Security Engineer

Riot Games is seeking a dedicated and detail-oriented Security Engineer to join the Riot Information Security team. In this role, you will be responsible for managing the security posture of our third-party vendors and partners, ensuring that they meet Riot’s security standards and industry best practices. As vendor ecosystems grow more complex and critical to business operations, this position plays a key role in protecting the confidentiality, integrity, and availability of Riot’s data and services.
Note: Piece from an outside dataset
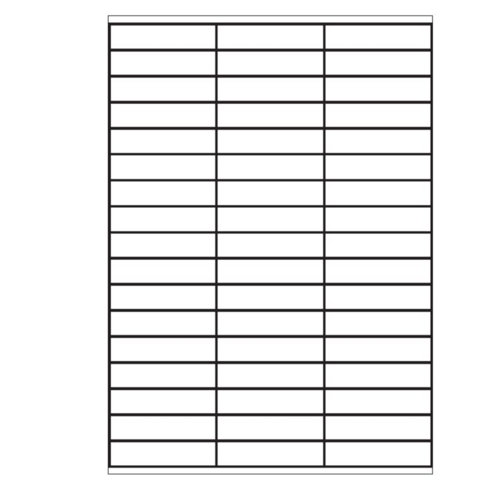 Selbstklebende, mattweiße Etiketten auf A4-Bögen. Abmessungen: 70 x 16,9 mm. 51 Etiketten pro Bogen. Verpackt pro 100 Blatt (5100 Etiketten). Das Papiergewicht der Etiketten beträgt 68 g/m² und des Backsheets 55 g/m².

You will have a meaningful role on the InfoSec team and the opportunity to develop professionally in a collaborative environment.

Responsibilities:

• Conduct daily security assessments of new and existing vendors.
• Collaborate with Procurement, Legal, and business stakeholders to ensure security is integrated throughout the vendor lifecycle.
• Maintain and enforce vendor certification assessment (VCA) processes, including documentation, reviews, and follow-ups.
• Conduct risk analyses based on vendor-provided documentation (e.g., certifications, security policies).
• Track remediation efforts and ensure vendors address identified security gaps in a timely manner.
• Support on other security initiatives and daily works.

Required Qualifications:

• Bachelor’s degree in Information Security, Computer Science, Risk Management, or a related field (or equivalent experience).
• 2+ years of experience in vendor risk management, third-party security, or a related security role.
• Familiarity with common security frameworks and standards such as ISO 27001, MLPS, CSL, etc.
• Understanding of information security principles, especially in the context of third-party risk.
• Excellent communication and interpersonal skills, with the ability to work cross-functionally.
• Detail-oriented, self-driven, and comfortable managing multiple priorities.
• Proficient reading and writing skills in English.

Desired Qualifications:

• Experience working in the gaming industry or technology sector.
• Professional certifications such as CISSP, CISA are a plus.
• Experience using vendor risk management platforms or GRC tools.